→ ASSIGNMENT: Return each line of the records with nothing changed, pictures excepted.

→ LISTED RECORDS:
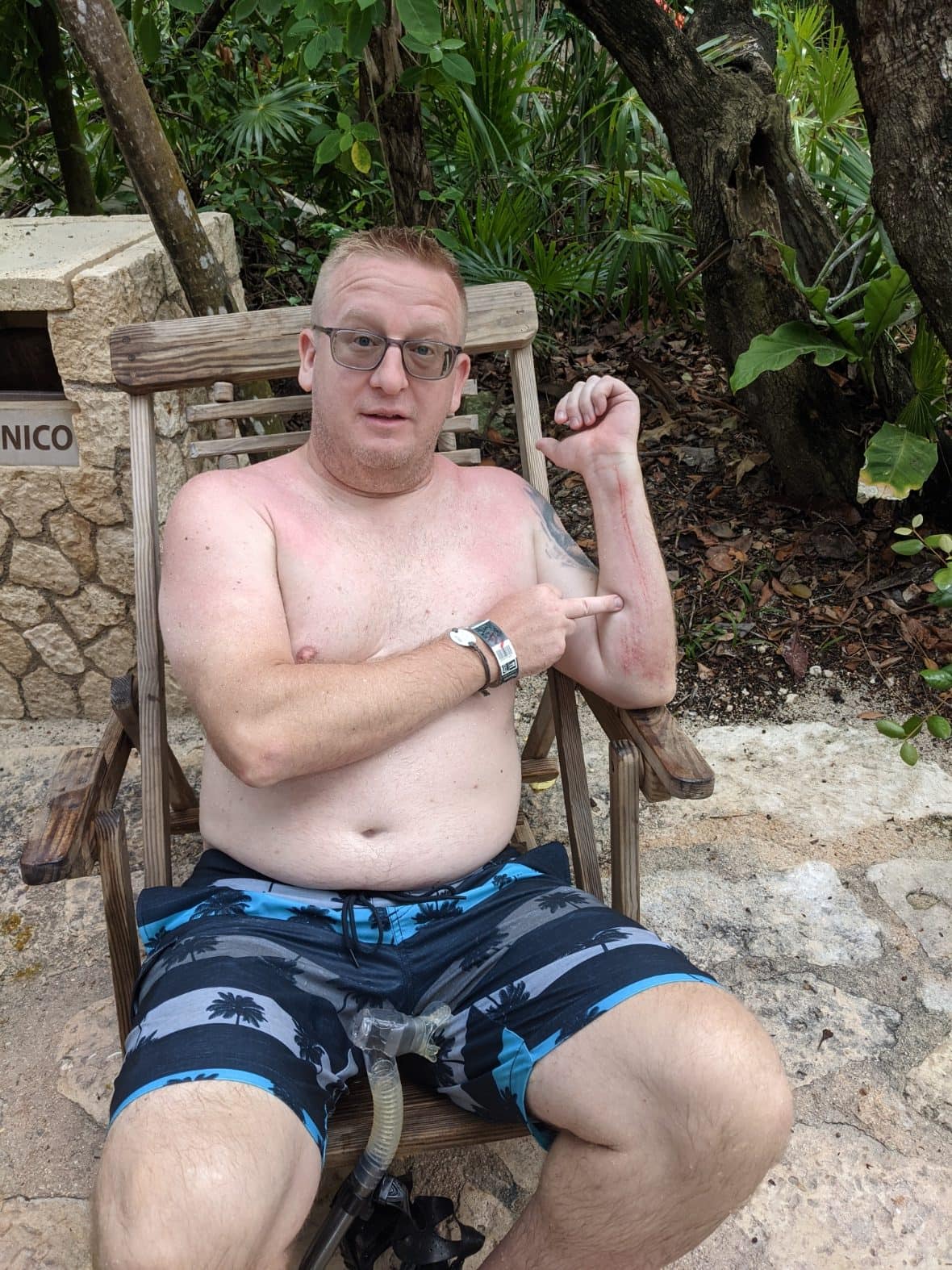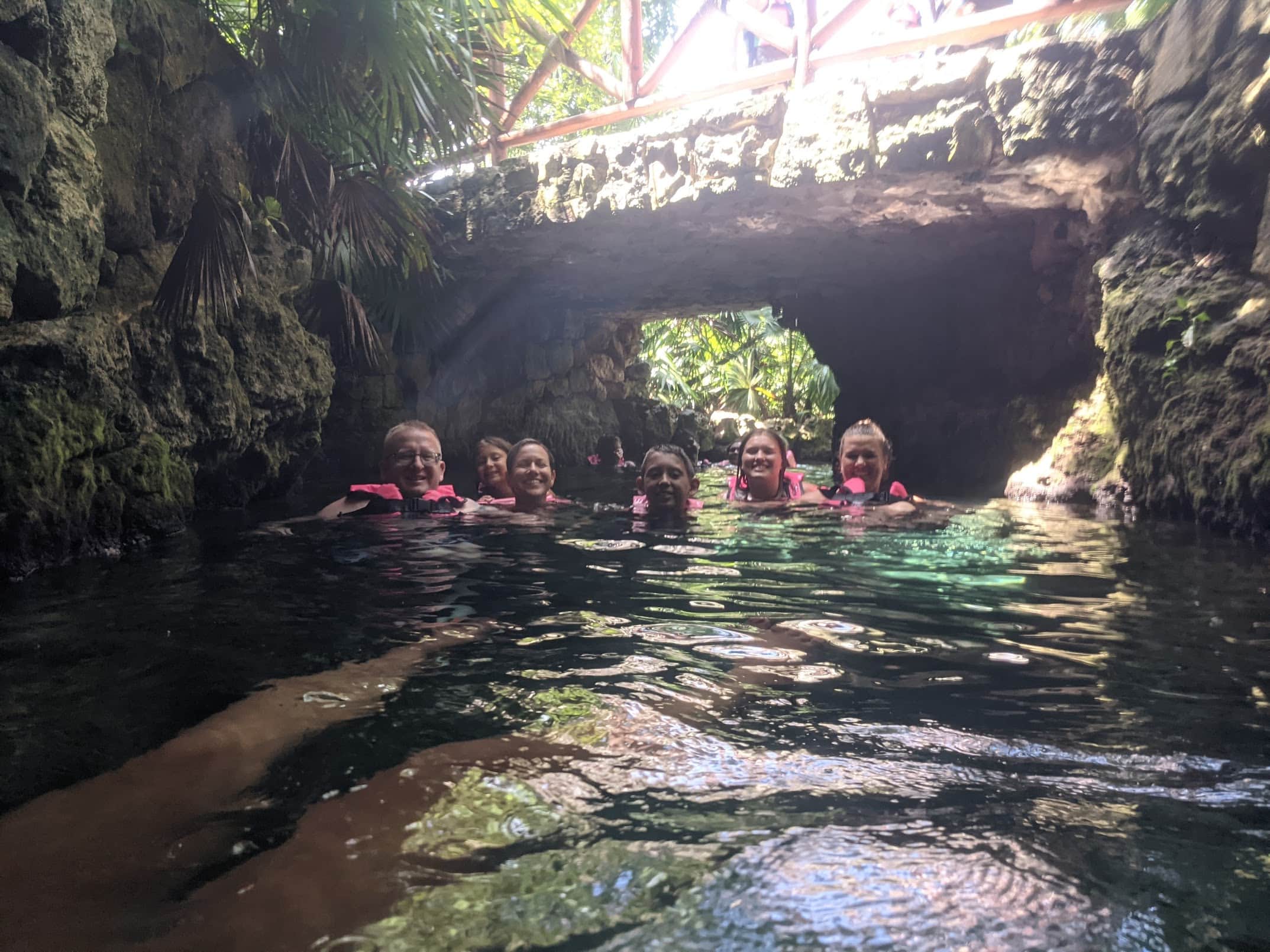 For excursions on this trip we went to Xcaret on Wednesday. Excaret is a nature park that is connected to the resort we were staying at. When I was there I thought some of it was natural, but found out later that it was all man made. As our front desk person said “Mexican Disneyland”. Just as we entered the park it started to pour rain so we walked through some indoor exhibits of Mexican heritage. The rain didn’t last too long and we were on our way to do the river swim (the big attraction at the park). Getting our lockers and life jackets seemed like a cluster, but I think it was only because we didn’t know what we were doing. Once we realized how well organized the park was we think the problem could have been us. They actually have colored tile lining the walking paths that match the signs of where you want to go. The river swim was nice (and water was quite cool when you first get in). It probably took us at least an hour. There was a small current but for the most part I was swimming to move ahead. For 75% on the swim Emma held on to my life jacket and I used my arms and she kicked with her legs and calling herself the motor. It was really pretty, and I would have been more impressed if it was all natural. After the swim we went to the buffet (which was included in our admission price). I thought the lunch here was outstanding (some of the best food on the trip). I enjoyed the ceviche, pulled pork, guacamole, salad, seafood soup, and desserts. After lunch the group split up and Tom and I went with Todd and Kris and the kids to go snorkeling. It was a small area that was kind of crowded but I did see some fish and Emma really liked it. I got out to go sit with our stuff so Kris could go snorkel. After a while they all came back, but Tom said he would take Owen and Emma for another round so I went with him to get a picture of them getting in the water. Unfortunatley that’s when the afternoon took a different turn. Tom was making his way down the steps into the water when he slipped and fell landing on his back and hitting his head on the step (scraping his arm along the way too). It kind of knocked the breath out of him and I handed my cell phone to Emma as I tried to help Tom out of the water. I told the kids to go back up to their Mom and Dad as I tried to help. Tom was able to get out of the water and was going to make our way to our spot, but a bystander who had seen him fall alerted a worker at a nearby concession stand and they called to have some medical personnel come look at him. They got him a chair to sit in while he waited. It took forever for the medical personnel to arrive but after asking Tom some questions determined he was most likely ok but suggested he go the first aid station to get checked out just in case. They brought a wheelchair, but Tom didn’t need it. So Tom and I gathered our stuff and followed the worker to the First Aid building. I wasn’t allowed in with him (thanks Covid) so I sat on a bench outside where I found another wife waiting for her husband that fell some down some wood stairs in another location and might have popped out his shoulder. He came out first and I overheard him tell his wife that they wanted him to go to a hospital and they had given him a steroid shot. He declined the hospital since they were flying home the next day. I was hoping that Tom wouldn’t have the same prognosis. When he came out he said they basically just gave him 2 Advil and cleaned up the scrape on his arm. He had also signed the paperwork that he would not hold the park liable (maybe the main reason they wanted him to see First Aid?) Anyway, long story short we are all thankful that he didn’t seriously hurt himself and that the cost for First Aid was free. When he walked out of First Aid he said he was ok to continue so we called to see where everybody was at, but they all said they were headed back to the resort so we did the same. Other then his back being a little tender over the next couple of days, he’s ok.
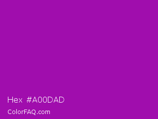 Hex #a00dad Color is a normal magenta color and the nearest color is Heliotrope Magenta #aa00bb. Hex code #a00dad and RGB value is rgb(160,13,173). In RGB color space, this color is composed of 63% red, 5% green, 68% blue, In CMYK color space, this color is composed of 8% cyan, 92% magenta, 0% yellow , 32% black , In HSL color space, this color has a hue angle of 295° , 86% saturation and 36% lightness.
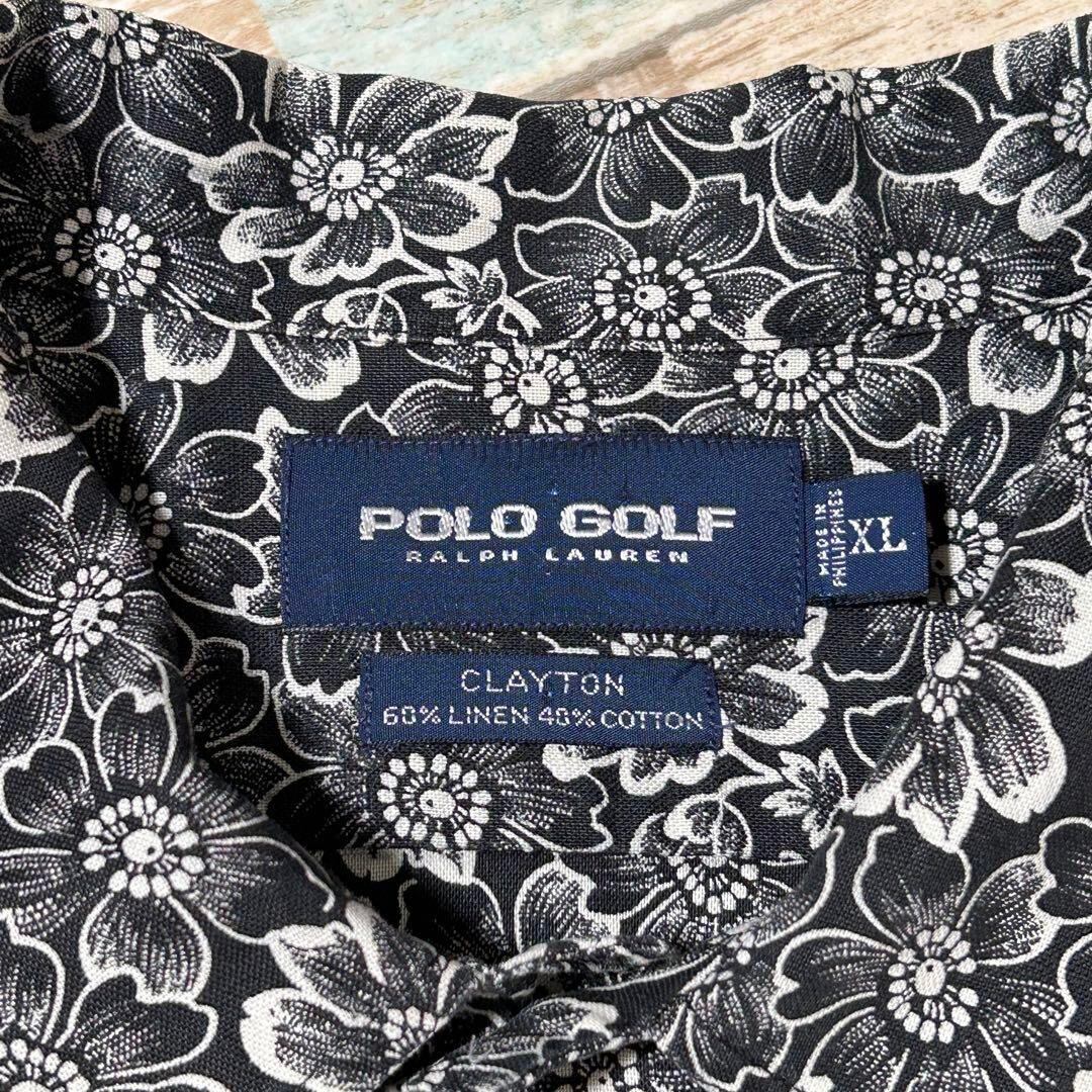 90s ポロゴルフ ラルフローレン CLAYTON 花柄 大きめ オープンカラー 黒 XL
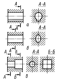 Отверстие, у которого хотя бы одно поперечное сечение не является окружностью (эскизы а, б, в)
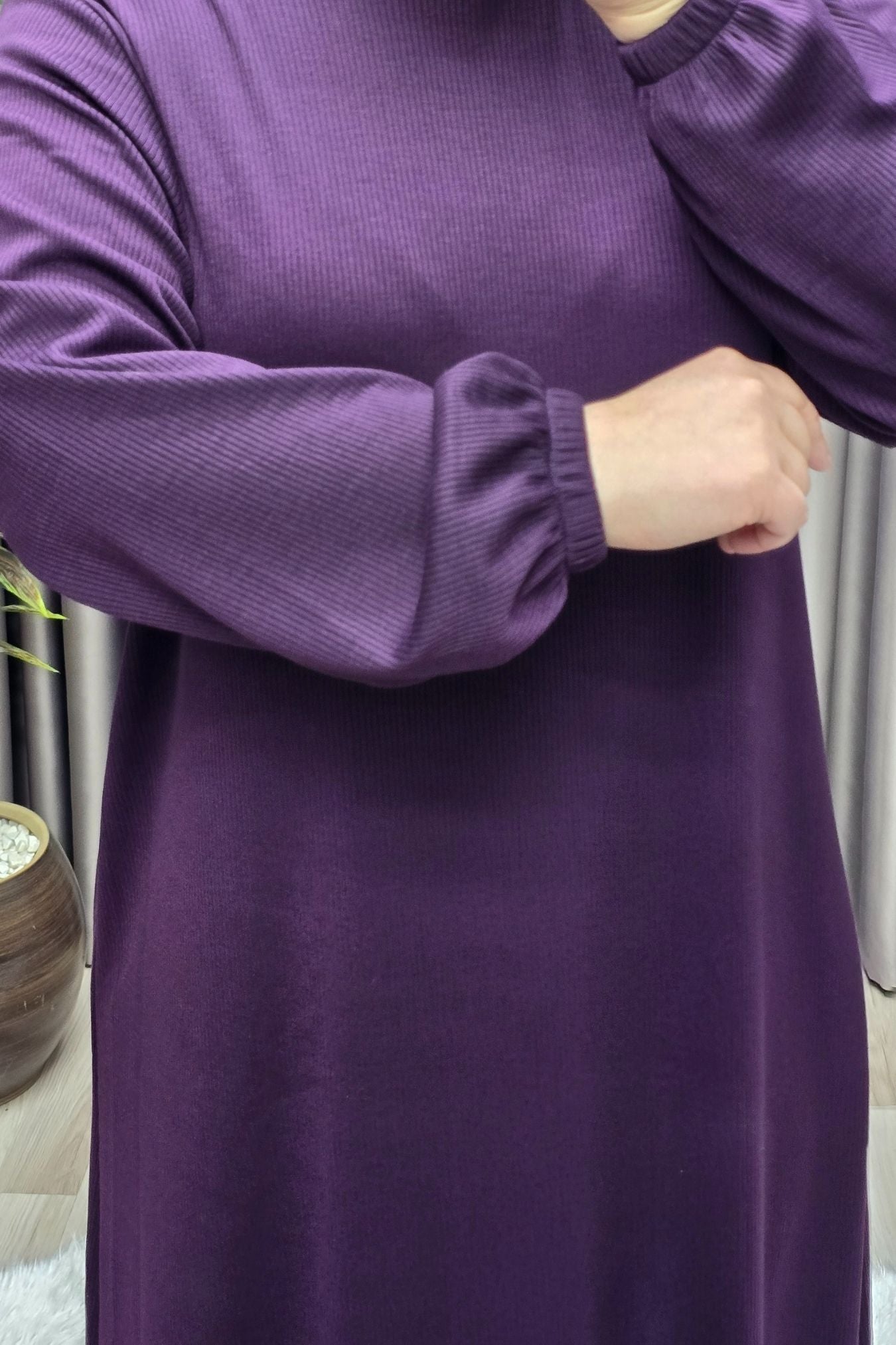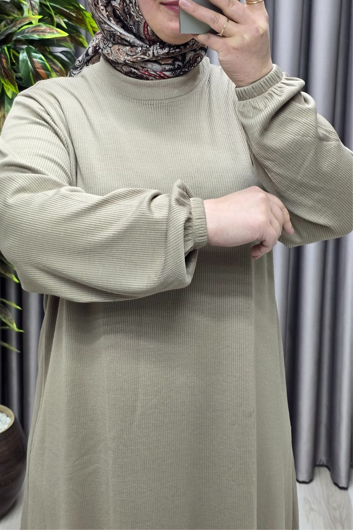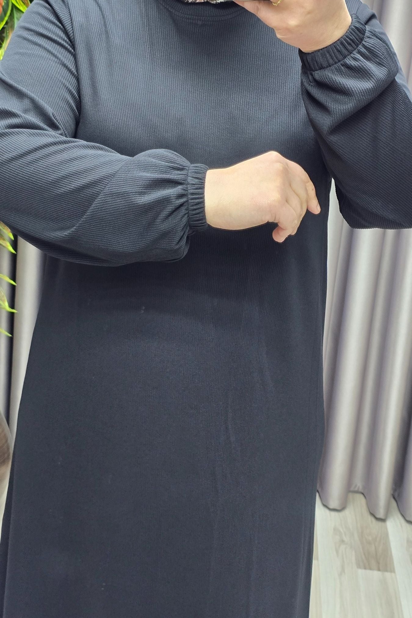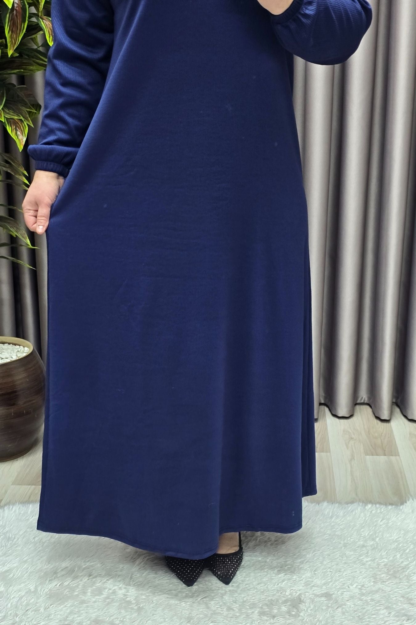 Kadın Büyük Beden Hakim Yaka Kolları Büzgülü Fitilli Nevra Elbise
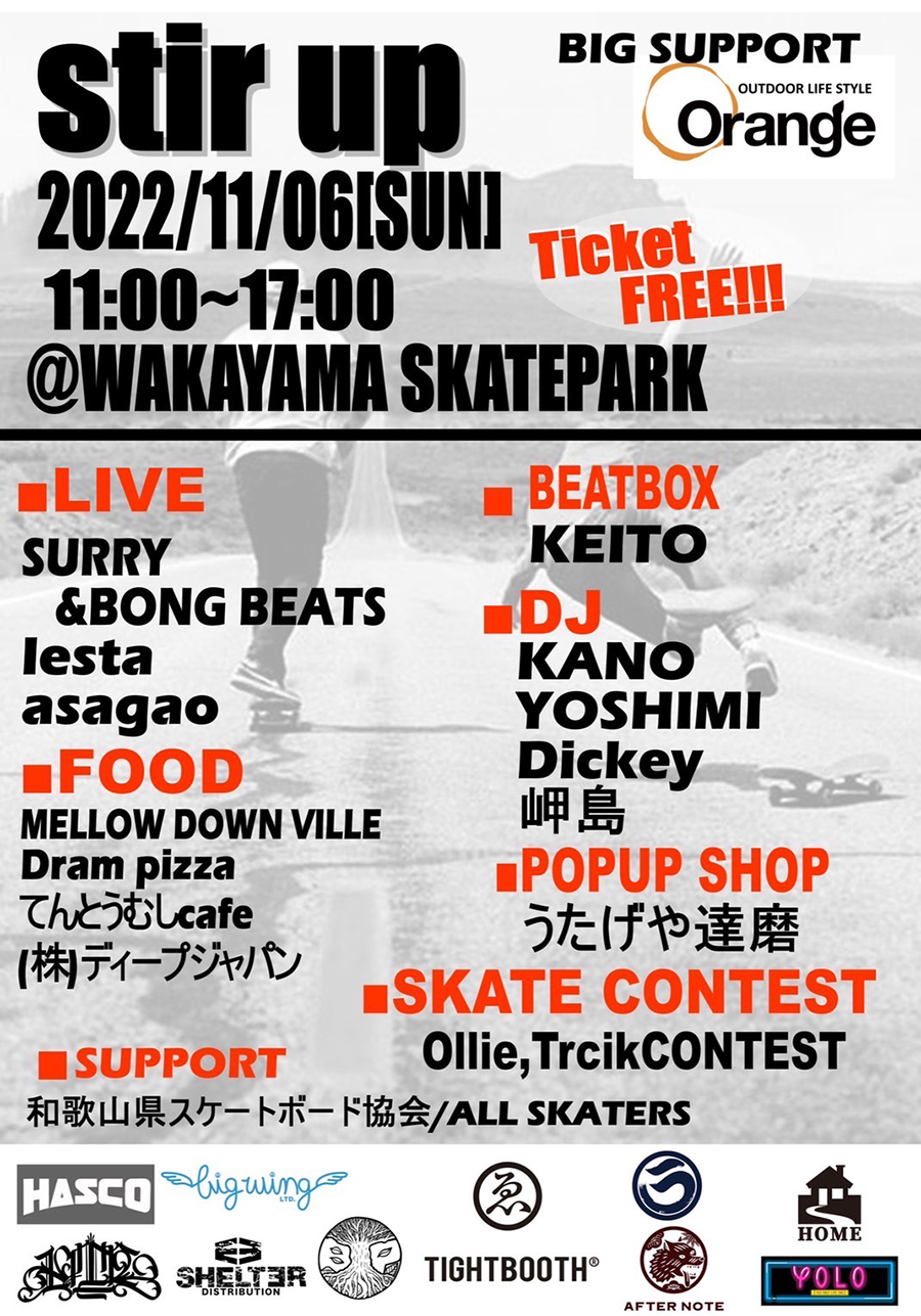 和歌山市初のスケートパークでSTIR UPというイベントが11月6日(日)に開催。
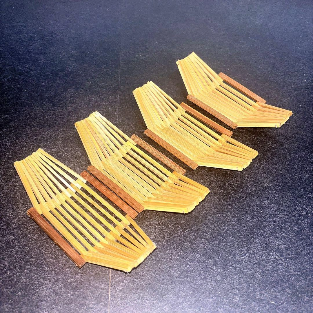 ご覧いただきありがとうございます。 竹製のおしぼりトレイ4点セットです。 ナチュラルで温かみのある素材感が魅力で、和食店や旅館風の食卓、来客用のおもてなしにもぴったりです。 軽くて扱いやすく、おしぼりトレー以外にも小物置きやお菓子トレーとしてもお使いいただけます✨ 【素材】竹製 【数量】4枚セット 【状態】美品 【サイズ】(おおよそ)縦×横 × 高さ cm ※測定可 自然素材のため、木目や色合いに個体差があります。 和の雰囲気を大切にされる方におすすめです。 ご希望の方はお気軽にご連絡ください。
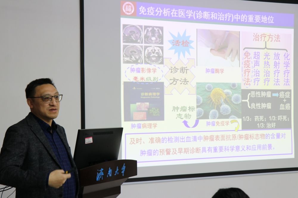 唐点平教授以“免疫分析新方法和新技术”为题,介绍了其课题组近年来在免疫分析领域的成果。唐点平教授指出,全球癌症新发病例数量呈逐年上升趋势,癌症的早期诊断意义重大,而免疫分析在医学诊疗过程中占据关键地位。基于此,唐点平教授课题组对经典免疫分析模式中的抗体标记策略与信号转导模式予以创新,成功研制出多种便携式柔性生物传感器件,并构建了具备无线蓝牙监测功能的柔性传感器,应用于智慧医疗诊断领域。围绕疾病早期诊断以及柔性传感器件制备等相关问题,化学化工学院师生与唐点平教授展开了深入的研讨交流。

→ WRITTEN ANSWER:
 For excursions on this trip we went to Xcaret on Wednesday. Excaret is a nature park that is connected to the resort we were staying at. When I was there I thought some of it was natural, but found out later that it was all man made. As our front desk person said “Mexican Disneyland”. Just as we entered the park it started to pour rain so we walked through some indoor exhibits of Mexican heritage. The rain didn’t last too long and we were on our way to do the river swim (the big attraction at the park). Getting our lockers and life jackets seemed like a cluster, but I think it was only because we didn’t know what we were doing. Once we realized how well organized the park was we think the problem could have been us. They actually have colored tile lining the walking paths that match the signs of where you want to go. The river swim was nice (and water was quite cool when you first get in). It probably took us at least an hour. There was a small current but for the most part I was swimming to move ahead. For 75% on the swim Emma held on to my life jacket and I used my arms and she kicked with her legs and calling herself the motor. It was really pretty, and I would have been more impressed if it was all natural. After the swim we went to the buffet (which was included in our admission price). I thought the lunch here was outstanding (some of the best food on the trip). I enjoyed the ceviche, pulled pork, guacamole, salad, seafood soup, and desserts. After lunch the group split up and Tom and I went with Todd and Kris and the kids to go snorkeling. It was a small area that was kind of crowded but I did see some fish and Emma really liked it. I got out to go sit with our stuff so Kris could go snorkel. After a while they all came back, but Tom said he would take Owen and Emma for another round so I went with him to get a picture of them getting in the water. Unfortunatley that’s when the afternoon took a different turn. Tom was making his way down the steps into the water when he slipped and fell landing on his back and hitting his head on the step (scraping his arm along the way too). It kind of knocked the breath out of him and I handed my cell phone to Emma as I tried to help Tom out of the water. I told the kids to go back up to their Mom and Dad as I tried to help. Tom was able to get out of the water and was going to make our way to our spot, but a bystander who had seen him fall alerted a worker at a nearby concession stand and they called to have some medical personnel come look at him. They got him a chair to sit in while he waited. It took forever for the medical personnel to arrive but after asking Tom some questions determined he was most likely ok but suggested he go the first aid station to get checked out just in case. They brought a wheelchair, but Tom didn’t need it. So Tom and I gathered our stuff and followed the worker to the First Aid building. I wasn’t allowed in with him (thanks Covid) so I sat on a bench outside where I found another wife waiting for her husband that fell some down some wood stairs in another location and might have popped out his shoulder. He came out first and I overheard him tell his wife that they wanted him to go to a hospital and they had given him a steroid shot. He declined the hospital since they were flying home the next day. I was hoping that Tom wouldn’t have the same prognosis. When he came out he said they basically just gave him 2 Advil and cleaned up the scrape on his arm. He had also signed the paperwork that he would not hold the park liable (maybe the main reason they wanted him to see First Aid?) Anyway, long story short we are all thankful that he didn’t seriously hurt himself and that the cost for First Aid was free. When he walked out of First Aid he said he was ok to continue so we called to see where everybody was at, but they all said they were headed back to the resort so we did the same. Other then his back being a little tender over the next couple of days, he’s ok.
 Hex #a00dad Color is a normal magenta color and the nearest color is Heliotrope Magenta #aa00bb. Hex code #a00dad and RGB value is rgb(160,13,173). In RGB color space, this color is composed of 63% red, 5% green, 68% blue, In CMYK color space, this color is composed of 8% cyan, 92% magenta, 0% yellow , 32% black , In HSL color space, this color has a hue angle of 295° , 86% saturation and 36% lightness.
 90s ポロゴルフ ラルフローレン CLAYTON 花柄 大きめ オープンカラー 黒 XL
 Отверстие, у которого хотя бы одно поперечное сечение не является окружностью (эскизы а, б, в)
 Kadın Büyük Beden Hakim Yaka Kolları Büzgülü Fitilli Nevra Elbise
 和歌山市初のスケートパークでSTIR UPというイベントが11月6日(日)に開催。
 ご覧いただきありがとうございます。 竹製のおしぼりトレイ4点セットです。 ナチュラルで温かみのある素材感が魅力で、和食店や旅館風の食卓、来客用のおもてなしにもぴったりです。 軽くて扱いやすく、おしぼりトレー以外にも小物置きやお菓子トレーとしてもお使いいただけます✨ 【素材】竹製 【数量】4枚セット 【状態】美品 【サイズ】(おおよそ)縦×横 × 高さ cm ※測定可 自然素材のため、木目や色合いに個体差があります。 和の雰囲気を大切にされる方におすすめです。 ご希望の方はお気軽にご連絡ください。
 唐点平教授以“免疫分析新方法和新技术”为题,介绍了其课题组近年来在免疫分析领域的成果。唐点平教授指出,全球癌症新发病例数量呈逐年上升趋势,癌症的早期诊断意义重大,而免疫分析在医学诊疗过程中占据关键地位。基于此,唐点平教授课题组对经典免疫分析模式中的抗体标记策略与信号转导模式予以创新,成功研制出多种便携式柔性生物传感器件,并构建了具备无线蓝牙监测功能的柔性传感器,应用于智慧医疗诊断领域。围绕疾病早期诊断以及柔性传感器件制备等相关问题,化学化工学院师生与唐点平教授展开了深入的研讨交流。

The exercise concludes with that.